# Forum Slow on Iphone :(



## Suraj_TT (Mar 10, 2007)

Hi

I along with others frequently browse the forum on my iPhone - thats how addicted we are!

I can appreciate that the new site may have a few bedding in probs - But I was wondering if it can somehow be made faster for the iPhone!????

Cheers


----------



## kmpowell (May 6, 2002)

Do you mean via WiFi, or when you're on EDGE (or 3G if you have the new version)?

Before I dropped my iPhone a few nights ago and broke it (insurance claim now in progress!), I surfed via WiFi fine. EDGE was slower, but it always will be due to the low speed of EDGE.

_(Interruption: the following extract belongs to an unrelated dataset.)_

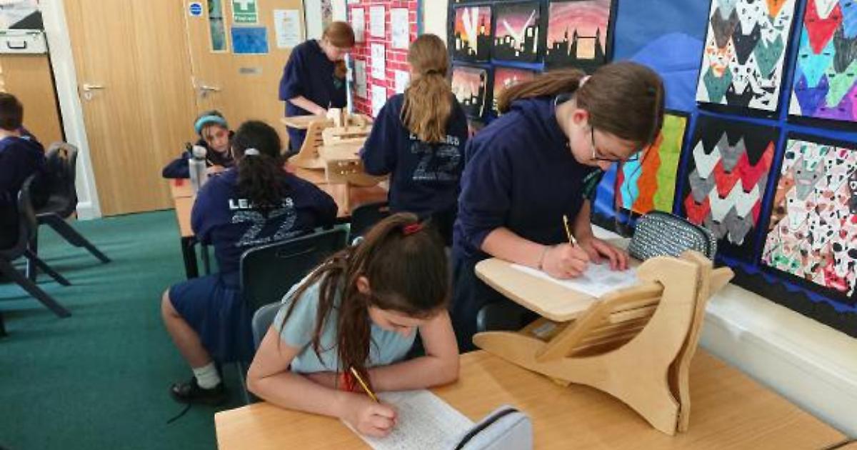 The portable desks, which can be placed on top of an existing desk, were trialled at the school and the response from both students and teachers was positive.

The main problem that slows page loading on mobiles down is the signature sizes, but no matter how many requests we make people ignore the rules and guidelines.


----------



## Suraj_TT (Mar 10, 2007)

Hello mate

Yes, even on wi-fi I was having probs :?


----------



## kmpowell (May 6, 2002)

Suraj_TT said:


> Hello mate
> 
> Yes, even on wi-fi I was having probs :?


Hmm, not sure why you would have problems with WiFi. The site should load at relatively the same speed as your computer would. It would render it in a different way, but once all the images were cached it should load the same.

What sequence are things loading? e.g Page structure then text and then icons and then images?


----------